EXERCISE:
From the data underneath, reproduce exactly the stretch that begins at the line with "The expression level" and ends after the line with "This simple yet".

DATA SECTION:
>>>>
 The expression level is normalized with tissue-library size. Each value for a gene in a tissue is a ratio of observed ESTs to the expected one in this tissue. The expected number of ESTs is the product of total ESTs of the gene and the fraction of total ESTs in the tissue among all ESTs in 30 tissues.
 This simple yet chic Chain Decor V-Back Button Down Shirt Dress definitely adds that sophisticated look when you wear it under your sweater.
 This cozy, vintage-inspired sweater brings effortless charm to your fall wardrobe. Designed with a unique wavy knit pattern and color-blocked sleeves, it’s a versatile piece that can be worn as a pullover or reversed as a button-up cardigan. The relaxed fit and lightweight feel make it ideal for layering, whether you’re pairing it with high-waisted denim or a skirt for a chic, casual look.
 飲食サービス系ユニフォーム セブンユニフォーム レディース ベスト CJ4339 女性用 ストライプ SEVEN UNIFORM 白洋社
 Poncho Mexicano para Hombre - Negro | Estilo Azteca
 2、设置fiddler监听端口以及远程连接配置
<<<<
>>>>
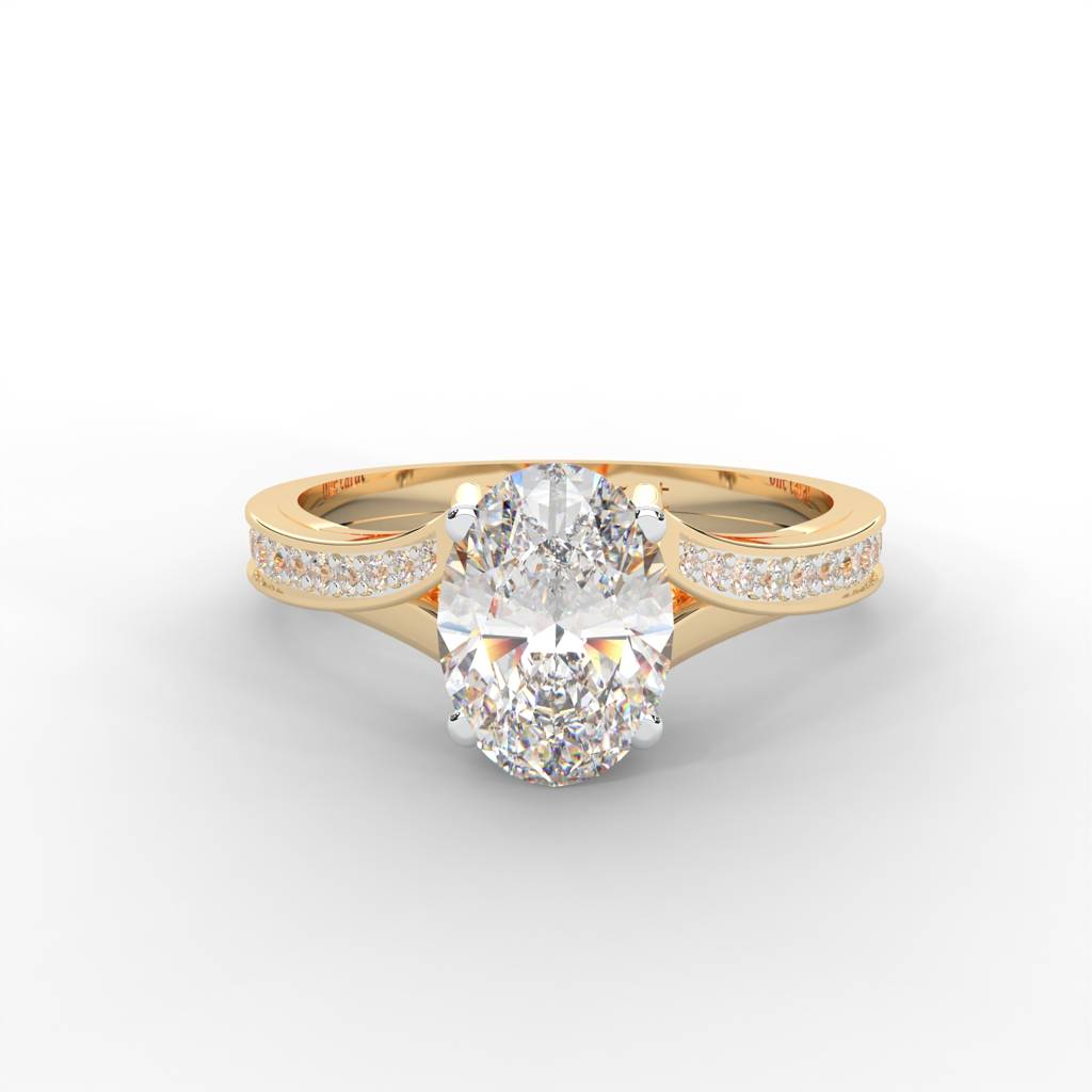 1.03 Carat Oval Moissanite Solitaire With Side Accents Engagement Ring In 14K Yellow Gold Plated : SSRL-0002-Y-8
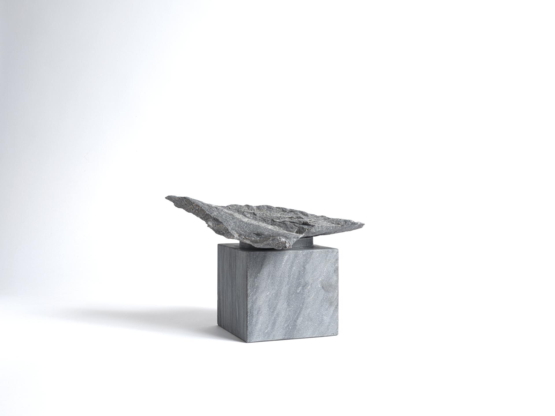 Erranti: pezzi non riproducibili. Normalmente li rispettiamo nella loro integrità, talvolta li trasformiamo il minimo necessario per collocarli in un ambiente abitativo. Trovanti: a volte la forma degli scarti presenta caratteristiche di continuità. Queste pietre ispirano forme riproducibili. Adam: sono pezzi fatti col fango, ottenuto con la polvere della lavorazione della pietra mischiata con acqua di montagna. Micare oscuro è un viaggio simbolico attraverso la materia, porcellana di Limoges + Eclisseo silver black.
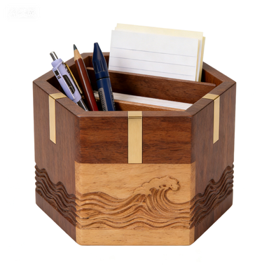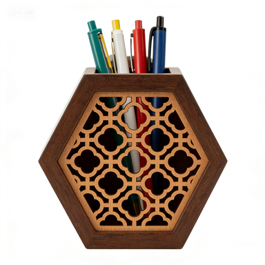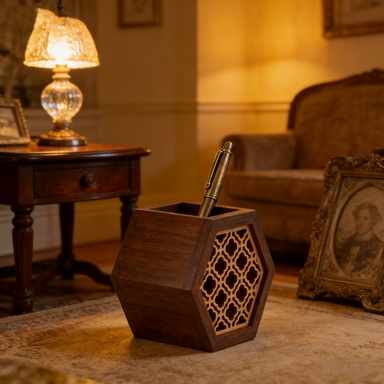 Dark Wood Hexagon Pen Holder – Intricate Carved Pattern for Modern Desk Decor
<<<<
>>>>
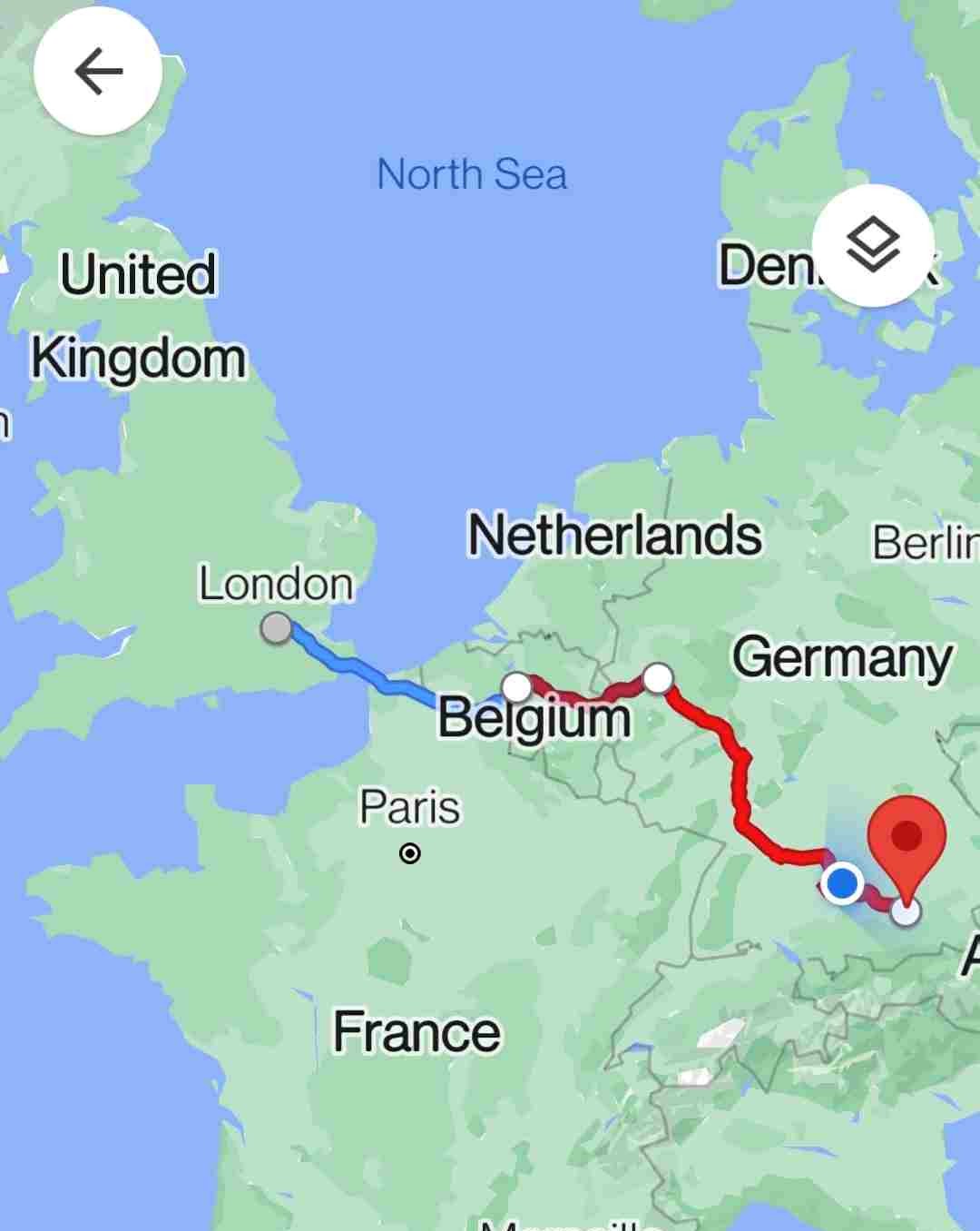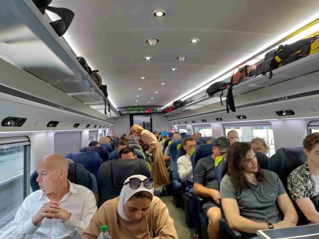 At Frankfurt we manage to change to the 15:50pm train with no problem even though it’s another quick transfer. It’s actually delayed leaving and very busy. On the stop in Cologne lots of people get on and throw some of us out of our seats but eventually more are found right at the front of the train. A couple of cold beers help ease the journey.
<<<<
EXPECTED ANSWER:
 The expression level is normalized with tissue-library size. Each value for a gene in a tissue is a ratio of observed ESTs to the expected one in this tissue. The expected number of ESTs is the product of total ESTs of the gene and the fraction of total ESTs in the tissue among all ESTs in 30 tissues.
 This simple yet chic Chain Decor V-Back Button Down Shirt Dress definitely adds that sophisticated look when you wear it under your sweater.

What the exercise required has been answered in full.